Dammit, he didn’t trust humans. He trusted Anya and Armani and that was pretty much the extent of it. He was wary even with the lupina, Hope, and the Felines’ prima, Merinus.
He didn’t like humans and he didn’t want them in his base. Except his coya.
Yeah, that was going to go over well.
Fuck!
He could feel it working through him now, the way that woman messed with his mind, made him think, made him want to give her anything and everything she desired.
He’d cross the bridge of the human mate problem when he had to, he decided. Until then, he was faced with another, very intriguing problem: figuring out exactly what his mate was up to.
Because he had no doubt she was up to something.
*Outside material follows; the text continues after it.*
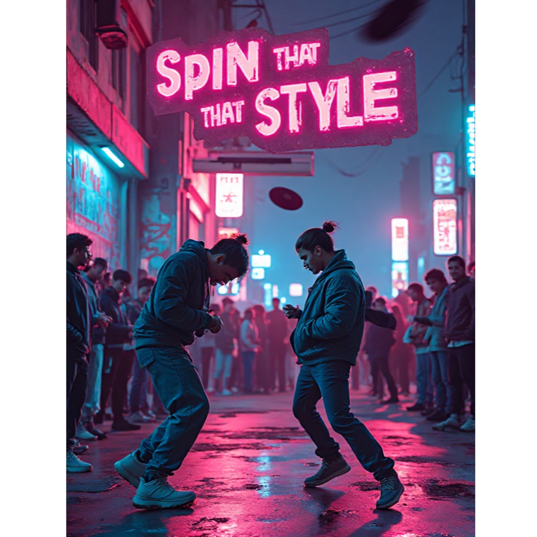 “Break it down!”, “Spin that style!”, “Dance or die!”, “3-2-1… GO!”, Energetic, b-boy battle vibe with retro

Anya moved into the bedroom ahead of Del-Rey as he opened the door and stood back for her to enter. Sharone, Emma and Ashley had been completely silent during the heli-jet ride back to Base. They had sat across from Anya and Del-Rey, and stared over his shoulder like good little military-trained Coyote soldiers.
Del-Rey hadn’t been happy about it; she could tell. If she hadn’t been so upset, she would have been amused.
She heard the door close behind her as she pulled the jacket he had forced on her off her shoulders and laid it over the chair at the side of the room, before turning to face him. She rubbed at the chill in her arms and fought to ignore the need for his touch.